The pungent aroma of wood smoke from village chimneys mixed with damp earth and laced the air near the shore as she plunged naked into the icy water. She felt the chill, sharp like needles, as it quickly turned her skin to gooseflesh, but to Diane, discipline was sacred. Defiantly, she moved deeper into the rapid current. She finally came to the surface, water dripping from her hair and face, and her alabaster skin glimmering with the sheen of early morning light on water. A flock of geese flew in precision above her, but made no sound. In this state of meditative peace, she bathed alone until the thoughts returned and her mind began once again, to echo the fear.
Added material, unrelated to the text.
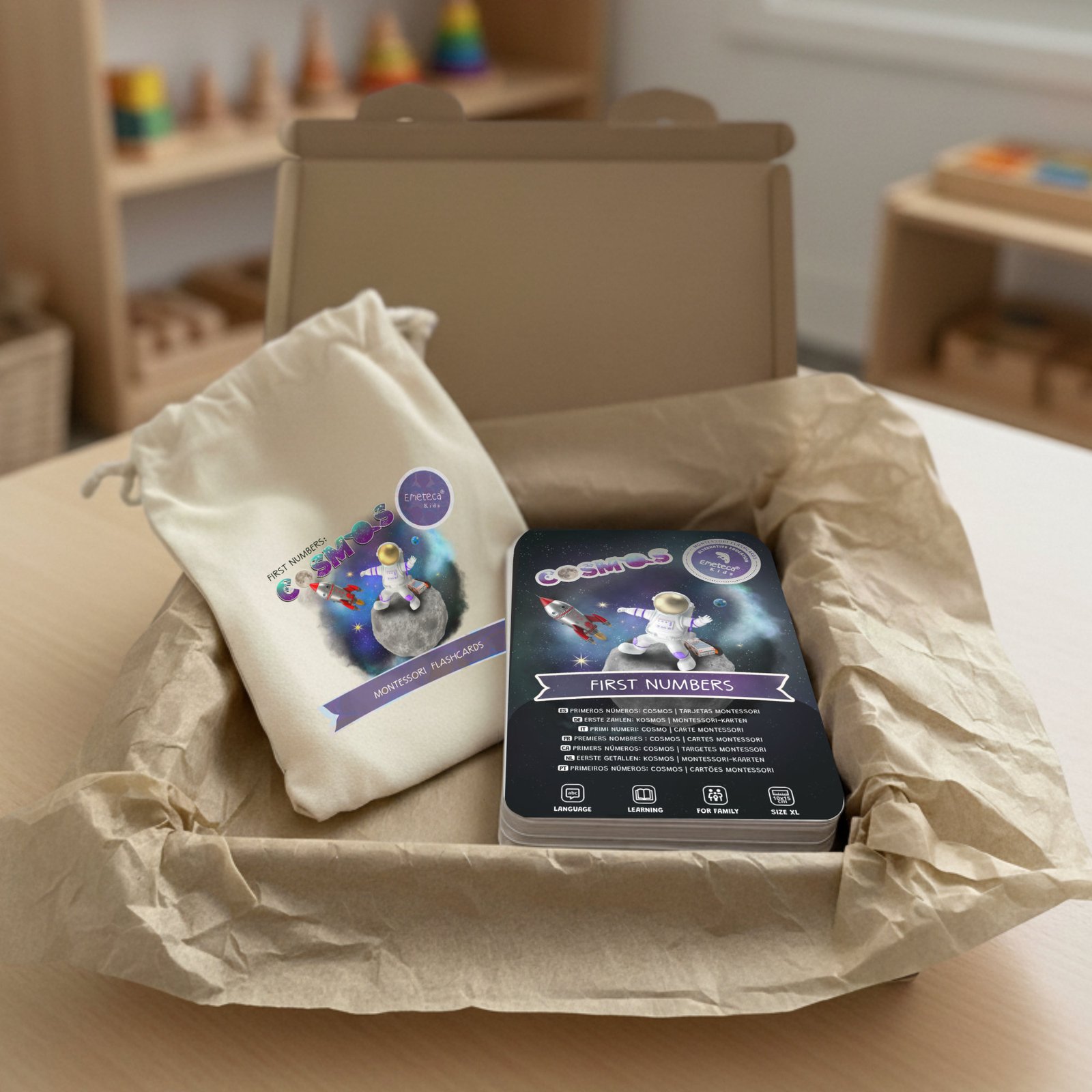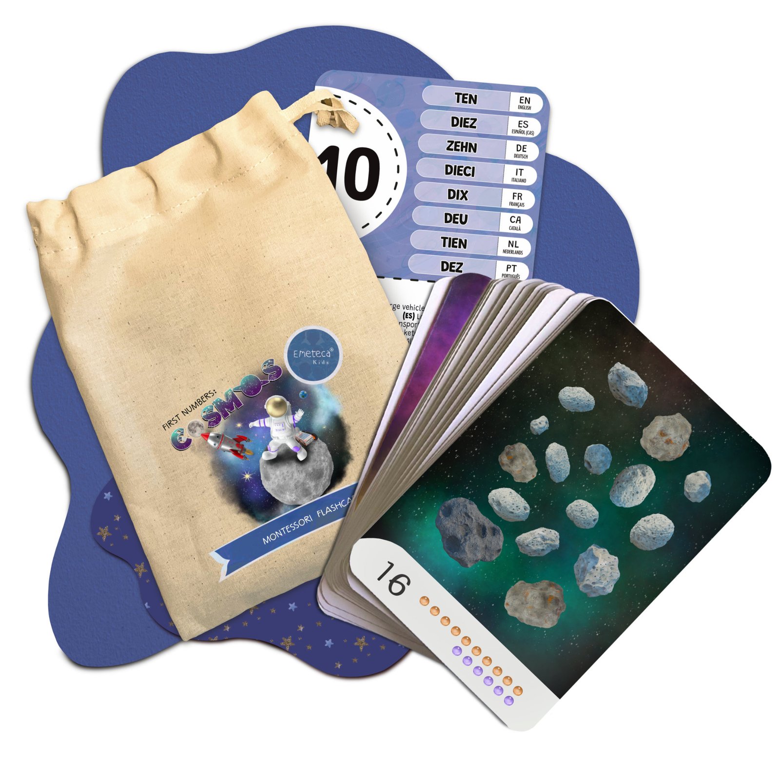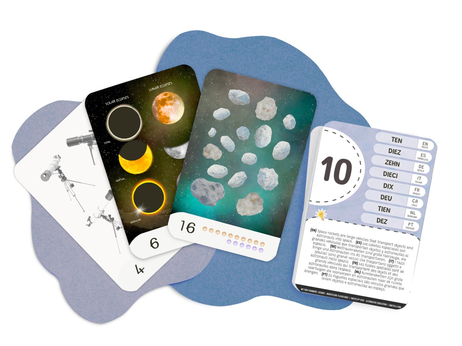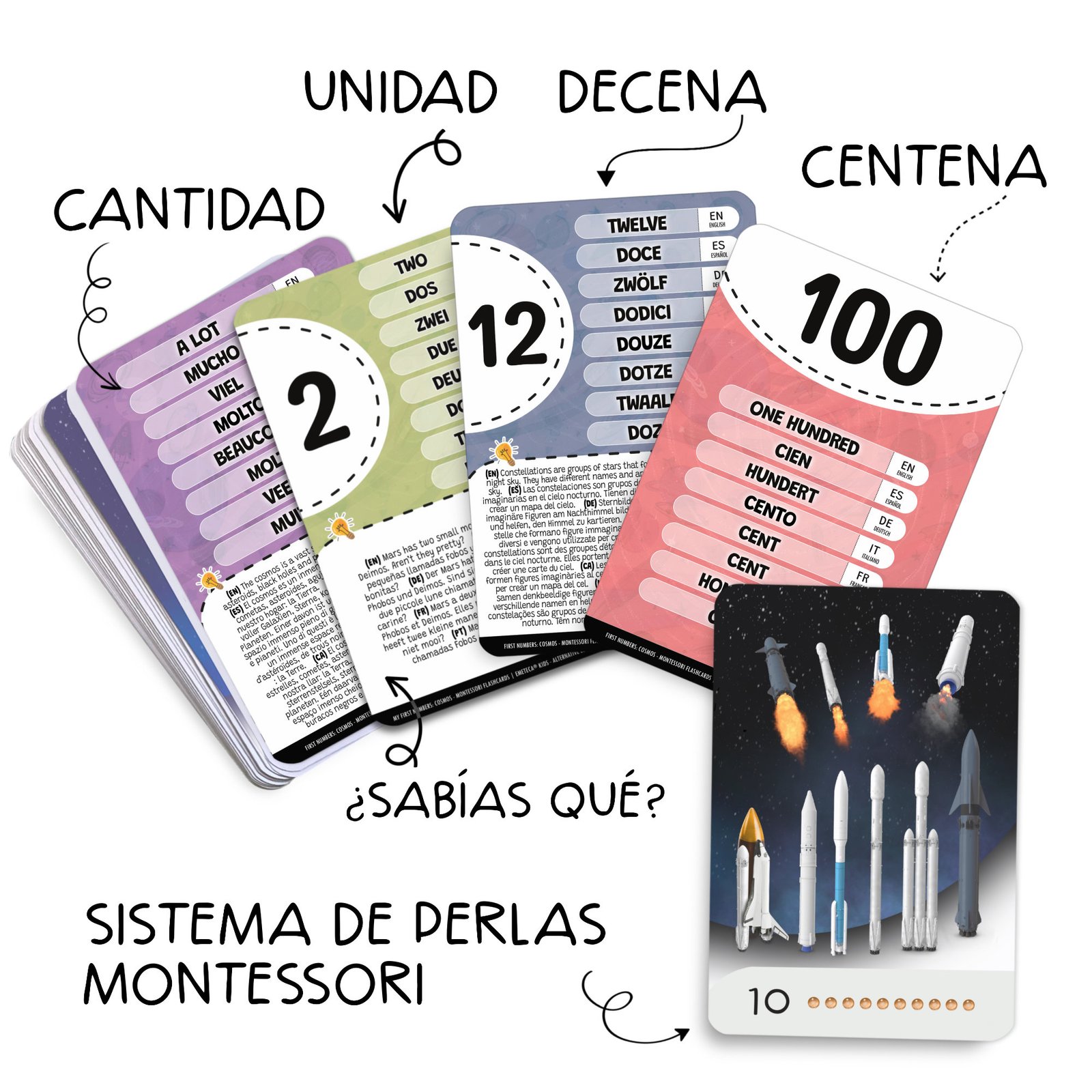 Tarjetas Montessori del Cosmos y elementos del Espacio · Colección Primeros números · Emeteca® Kids.

It is too late . . . You cannot turn back now . . . You have come too far . . .
Since she always bathed at dawn, Diane reached the inn just as the royal coachmen were loading the first of her brocade-covered trunks back onto the King's coach. Six of His Majesty's best Spanish stallions swayed as two of the guards attached them to a tooled silver harness. At least four of the animals were required to pull the awkward lumbering vehicle. Diane grimaced at the prospect of another long ride in it. The price of the King's hospitality, she reminded herself, and looked away. Before her in the cobblestone courtyard, two mongrel dogs fought over a scrap of meat. They had garnered all of the attention from the velvet-tuniced coachmen so that she could return unnoticed from the river. She said a silent prayer and slipped past them.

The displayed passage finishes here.